Sunday, November 23, 2008

Real Wealth

From Airllelon’s Investing and Trading Blog, complete with video links to U-tube-style pieces by the author (HERE) I find this piece:

"Week in Review: The Death of Keynes Mercantilism?"

"It is not by augmenting the capital of the country, but by rendering a greater part of that capital active and productive than would otherwise be so, that the most judicious operations of banking can increase the industry of the country" - Adam Smith

For decades now, Keynes has been held as the pinnacle of "capitalist" thought, and the latest in the evolution of what started with Adam Smith.

There's only one tiny problem with that little concept.

Keynes was no capitalist. Keynes ideas are a direct descendant of everything that Adam Smith opposed. Keynes ideas are a descendant of Mercantilism. Capitalism isn't dying, because Capitalism hasn't been practised. Keynes Mercantilistic thoughts and theories are what are dying.

Keynes firmly supported concepts found in Mercantlism. Which is that government should work in partnership with private companies.

In a Capitalistic society, there can be no lobbyists.

In a Capitalistic society, governments do not work as partners with private industry.

In a Capitalistic society, private industries do not seek capital from the government when they are doing poorly

To quote a phrase, “there’s only one tiny problem with that little concept”. The author of the piece goes on to recommending to readers that they buy silver, not gold, because silver is doing better at present, which is partly exactly what Smith considered was a central fallacy of ‘mercantile political economy’!

Gold, silver, and cash money are not wealth in Smith’s eyes. They are illusionary wealth by being stored claims on the real wealth. They do not create wealth in themselves. Hording gold or silver will not add to the wealth of nations.

Wealth according to Adam Smith was the ‘annual output of the necessities, conveniences, and amusements of life’, or the real goods and services of consumption, and working capital.

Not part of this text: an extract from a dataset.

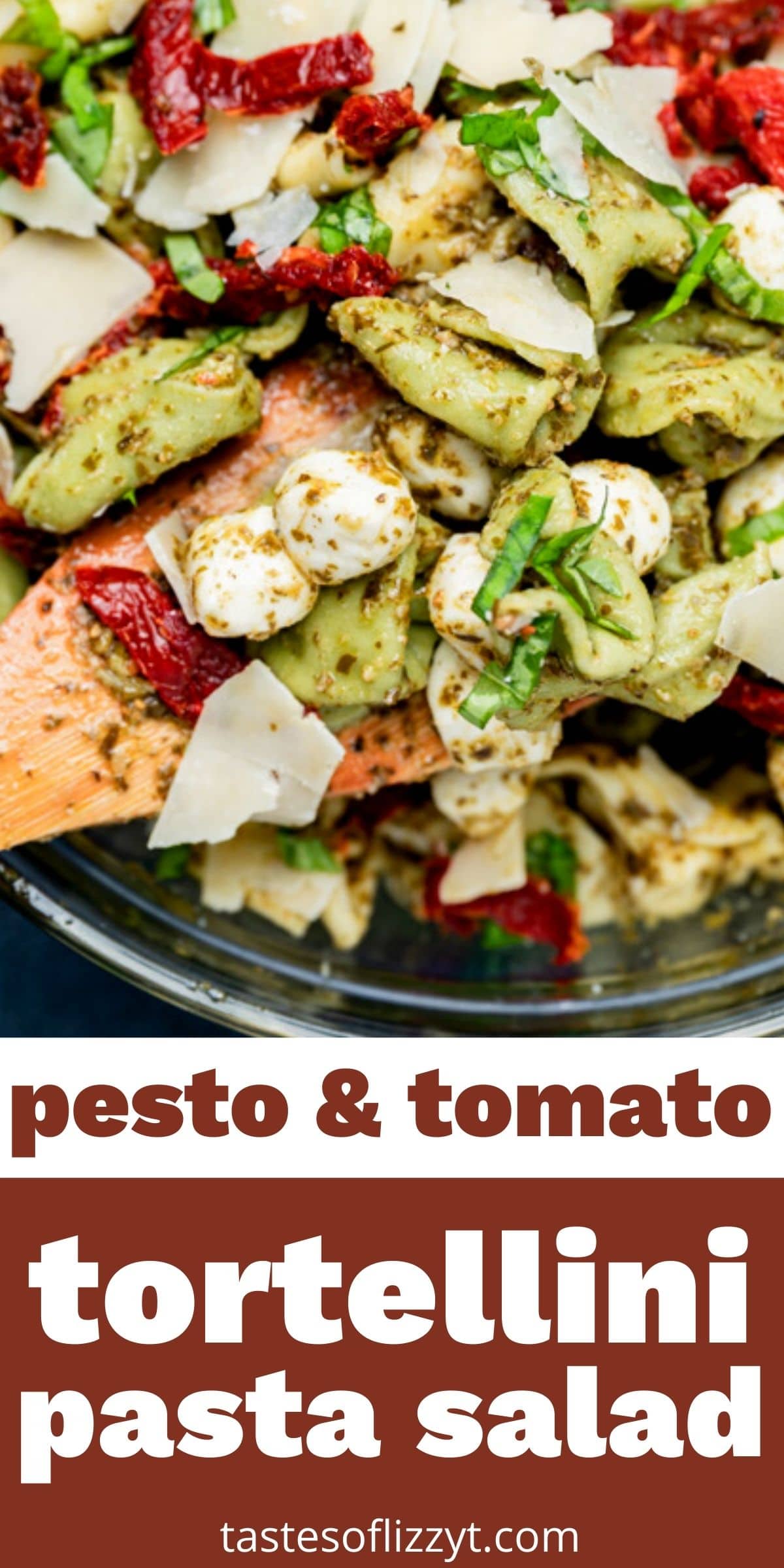 Whip up this easy pesto tortellini pasta salad in less than 30 minutes. Filled with fresh mozzarella, sun dried tomatoes and Parmesan.

Revenues from engaging in productive work can be spent on final consumption or re-invested in future productive employment; the balance between these ends determines whether growth in the next period’s annual output of real wealth occurs.

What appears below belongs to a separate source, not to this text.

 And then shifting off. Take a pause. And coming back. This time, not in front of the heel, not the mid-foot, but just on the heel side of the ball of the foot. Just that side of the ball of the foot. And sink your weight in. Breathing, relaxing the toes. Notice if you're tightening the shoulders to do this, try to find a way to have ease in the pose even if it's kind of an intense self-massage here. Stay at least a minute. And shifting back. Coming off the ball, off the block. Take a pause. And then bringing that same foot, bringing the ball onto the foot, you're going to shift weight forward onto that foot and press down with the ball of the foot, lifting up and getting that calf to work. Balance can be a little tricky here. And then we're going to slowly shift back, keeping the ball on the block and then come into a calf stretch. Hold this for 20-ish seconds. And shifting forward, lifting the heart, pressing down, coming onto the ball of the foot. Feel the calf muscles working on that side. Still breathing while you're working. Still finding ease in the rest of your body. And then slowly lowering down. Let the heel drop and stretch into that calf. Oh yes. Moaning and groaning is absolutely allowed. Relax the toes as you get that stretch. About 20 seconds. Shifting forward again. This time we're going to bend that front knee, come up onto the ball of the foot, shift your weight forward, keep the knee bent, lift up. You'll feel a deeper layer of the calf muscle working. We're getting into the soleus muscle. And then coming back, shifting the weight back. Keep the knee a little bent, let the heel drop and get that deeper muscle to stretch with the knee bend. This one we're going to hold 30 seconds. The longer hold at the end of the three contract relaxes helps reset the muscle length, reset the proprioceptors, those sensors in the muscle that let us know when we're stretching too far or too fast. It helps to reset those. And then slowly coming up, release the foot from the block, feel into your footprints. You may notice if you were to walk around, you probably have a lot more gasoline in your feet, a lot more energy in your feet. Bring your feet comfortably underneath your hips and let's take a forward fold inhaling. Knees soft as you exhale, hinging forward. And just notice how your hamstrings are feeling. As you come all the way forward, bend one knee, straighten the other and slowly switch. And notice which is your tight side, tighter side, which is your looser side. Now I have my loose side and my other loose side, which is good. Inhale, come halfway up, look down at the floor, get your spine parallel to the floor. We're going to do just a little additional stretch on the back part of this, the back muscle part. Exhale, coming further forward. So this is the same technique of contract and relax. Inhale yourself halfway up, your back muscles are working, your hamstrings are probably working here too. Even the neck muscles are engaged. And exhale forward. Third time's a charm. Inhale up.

Too much prodigality in consumption and too little in re-investment is not good for an economy, or the people in it. Hoarding metallic ‘symbols’, such as gold and silver is a psychological comfort to individuals but does nothing for the economy. Printing more money is not a substitute for generating the means to produce real wealth when it is disconnected from the real economy; too much printing leads to inflation, not more real wealth (see Zimbabwe).

Strong boxes, protected vaults, brim full of gold and silver, are sterile unless part of the great wheel of circulation that puts to work real resources, primarily labour, capital, and work in progress.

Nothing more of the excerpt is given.